The Characteristic Equation
If $y=e^{rx},$ then $$ \begin{array}{lll} &\displaystyle ay''+by'+cy=0&\mbox{}\\ \implies &\displaystyle a(e^{rx})''+b(e^{rx})'+ce^{rx}=0&\mbox{}\\ \implies &\displaystyle a r^2 e^{rx}+bre^{rx}+ce^{rx}=0&\mbox{}\\ \implies &\displaystyle (a r^2 +br+c)e^{rx}=0&\mbox{}\\ \end{array} $$ Conclusions??????
The Characteristic Equation
Now, the only way $(a r^2 +br+c)e^{rx}$ could be $0$ for all $x$ is if $$ a r^2 +br+c=0 $$ This equation is called the characteristic equation.
The two roots of this equation $r_1$ and $r_2$ determine the general solution to the equation.
Note: The characteristic equation is sometimes called the auxiliary equation.
The Characteristic Equation
As we know from algebra, we may use the quadratic formula to solve for $r_1$ and $r_2.$ $$ r_1=\frac{-b+\sqrt{b^2-4ac}}{2a}\,\,\,\,\mbox{and}\,\,\,\,r_2=\frac{-b-\sqrt{b^2-4ac}}{2a} $$ From the above, we know that there are three possibilities for $r_1$ and $r_2:$
Case 1: Two distinct real roots. ($b^2-4ac\gt 0$)
Case 2: Two roots which are the same. ($b^2-4ac= 0$) (a.k.a. double root, root of multiplicity $2$)
Case 3: Two complex conjugate roots. ($b^2-4ac\lt 0$)
Case 1: Two Distinct Real Roots
Consider the equation $$ ay''+by'+cy=0 $$ Suppose $r_1$ and $r_2$ are distinct real roots to the characteristic equation.
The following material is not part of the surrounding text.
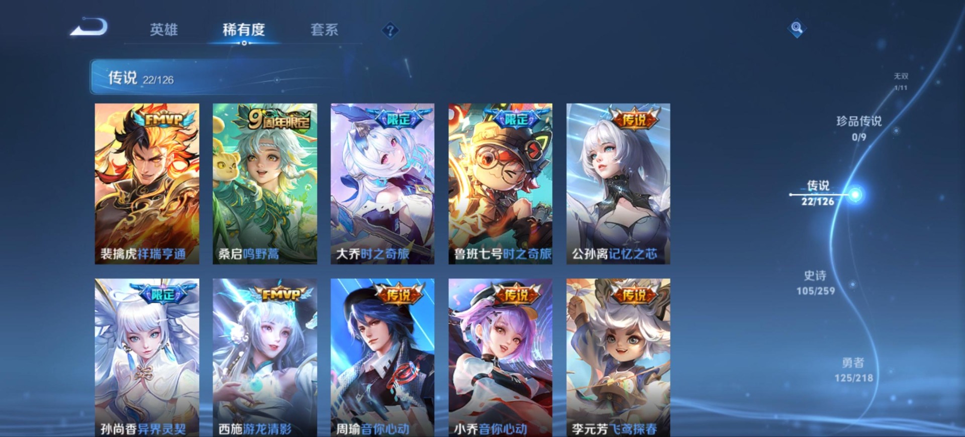- [12162532]V8 2典藏 3无双 3珍品传说 24传说 124英雄 319皮肤 可修改实名 优质装备:九霄神辉(木兰典藏),小乔时之魔女(小乔无双),离恨烟(公孙离无双),器灵·螭龙剑,最初的交响(伽罗典藏),怪盗基德,大耳狗之梦,黄金狮子座,云鹰飞将(小将军),绛天战甲(鸡嘴战神),久胜战神,炽阳神光,一念神魔,零号·赤焰,地狱之眼,李逍遥,无双飞将,山海·炽霜斩(李信年限),浮生妄,电玩·雷克斯,妄想实况,夜礼服假面,澜逐花归海,千山共赴,涂山容容 珍品传说:时之奇旅-孙策 传说皮:幻光神枪 珍宝阁皮:妄想食味,蔷薇恋人 限定皮:愿照·九州拓(澜年限),陌上桑,鸣野蒿,绯月行,时雨天司(水龙头),遇见飞天,诗剑行,御风骁将(吕布年限),岱宗(典韦年限),李小龙,默契交锋-花木兰 史诗皮:鸭鸭历险记-刘禅,苍鳞隐世,器灵·浮梦炉,化蝶舞,龙之律动,琥珀纪元伽罗,雪豹·霜爪,星界战将,百相守梦-周瑜,茶境仙,百相守梦-黄忠,撼地雄心,破空之剑,战舞者,涂山红红,东方月初,怒海争锋,海诺心动手记,幻珠鲛人,百相守梦-百里守约,守夜人,织梦人,紫霞仙子,特工魅影,永昼,冰冠公主,白蛇,江河有灵,百解令(蒙犽),高渐离燃音魔法,魅语,晚萤,猫狗日记-孙策,节奏热浪,修罗,摇滚巨星,水果甜心,绅士熊喵,星夜王子,心灵骇客,德古拉伯爵,暗隐猎兽者,鬼剑武藏,暗渊魔法,心灵战警,舞动绿茵,地狱岩魂,诗语江南,纤云弄巧,月团寄思,水晶猎龙者,曙光守护者,热力回旋,箭羽风息,圣诞狂欢,圣诞恋歌,鹰眼统帅,黎明之约,赏金猎手,未来纪元-赵云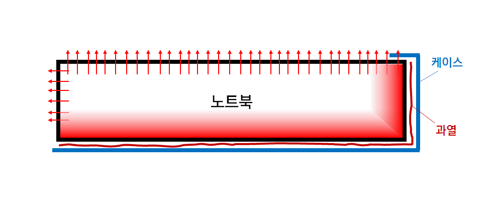 하지만 노트북 외부 케이스(PC 케이스)는 굳이 굳이 노트북을 한번 더 감싸줍니다. 당연히 노트북 표면에서 방출되어야 했을 열이 케이스에 갇혀 한 번 더 노트북을 달구게 되고, 노트북 성능을 낮추는 원인이 됩니다.

Then $y_1=e^{r_1 x}$ and $y_2=e^{r_2 x}$ are two linearly independent solutions and $$ y=C_1e^{r_1 x}+C_2e^{r_2 x} $$ is the general solution.
Example
Find the general solution to the equation $$ y''-15y'+50y=0 $$
The characteristic equation for
$$
y''-15y'+50y=0
$$
is
$$
r^2-15r+50=0
$$
The two roots of this equation are $r_1=5$ and $r_2=10.$
Thus, the general solution to the equation is $$ y=C_1e^{5x}+C_2e^{10x} $$
Thus, the general solution to the equation is $$ y=C_1e^{5x}+C_2e^{10x} $$
One Distinct Real Root
Suppose we have the equation $$ y''+4y'+4y=0 $$ The characteristic equation is $$ r^2+4r+4=0 $$ which has two real roots which coincide: $r_1=-2$ and $r_2=-2.$
Thus the characteristic equation gives us one solution, $y_1=e^{-2x}$
One Distinct Real Root
But to find a general solution, we need two linearly independent solutions.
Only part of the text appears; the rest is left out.